2024-05-01
Having a machine room can mean having things in your machine room
Today we discovered something:
Apparently our (university) machine room now comes with the bonus of a visiting raccoon. I have nothing against Toronto's charming trash pandas, but I do have a strong preference for them to be outdoors and maybe a bit distant.
(There are so far no signs that the raccoon has decided to be a resident of the machine room. Hopefully it is too cool in the room for it to be interested in that.)

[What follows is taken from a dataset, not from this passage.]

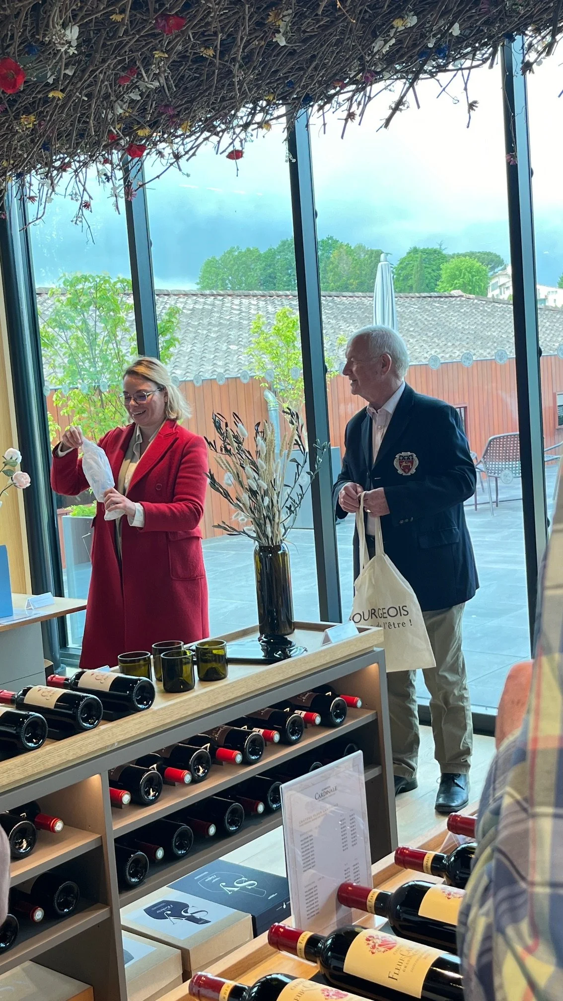 Next we progressed upstairs (rejoining the rest of the party) to the panoramic tasting room for a tasting of the wines which were Ch. Croix Cardinale 2018 (75% Merlot & 25% Cabernet Franc) finishing with grand vin Ch Fleur Cardinale 2018 (74% Merlot 22% Cabernet Franc 4% Cabernet Sauvignon) both of which were enjoyed. During the tasting, we were joined by Caroline, the daughter-in-law of the family and, before we left, the father, Dominique Decoster, came to say “hello”.

Naturally there is a story here. This past Monday morning (what is now two days ago), we discovered that over the weekend, one of the keyboards we keep sitting around our machine room had been fairly thoroughly smashed, with keycaps knocked off and some scattered some distance around the rack. This was especially alarming because the keyboard (and its associated display) were in our rack of fileservers, which are some of our most critical servers. The keyboard had definitely not been smashed up last Friday, and nothing else seemed to have been disturbed or moved, not even the wires dangling near the keyboard.
Initially we suspected that some contractor had been in the room over the weekend to do work on the air conditioning, wire and fiber runs that go through it (and are partially managed by other people in entirely other groups), or something of that nature, had dropped something on the keyboard, and had decided not to mention it to anyone. Today people poked around the assorted bits of clutter in the corners of the room and discovered increasingly clear evidence of animal presence near our rack of fileservers. The fileserver rack (and the cluttered corner where further evidence was uncovered) are right by a vertical wiring conduit that runs up through the ceiling to higher floors. One speculation is that our (presumed) raccoon was jumping into our fileserver rack in order to climb up to get back into the wiring conduit.
Probably not coincidentally, we had recently had some optical fiber runs between floors suddenly go bad after years of service and with no activity near them that we knew of. One cause we had already been speculating about was animals either directly damaging a fiber strand or bending it enough to cause transmission problems. And in the process of investigating this, last week we'd found out that there was believed to be some degree of animal presence up in the false ceiling of the floor our machine room is on.
We haven't actually seen the miscreant in question, and I hope we don't (trapping it is the job of specialists that the university has already called in). My hope is that the raccoon has decided that our machine room is entirely boring and not worth coming back to, because a raccoon that felt like playing around with the blinking lights and noise-making things could probably do an alarming amount of damage.
(I've always expected that we periodically have mice under the raised floor of our machine room, but the thought of a raccoon is a new one. I'll just consider it a charm of having physical servers in our own modest machine room.)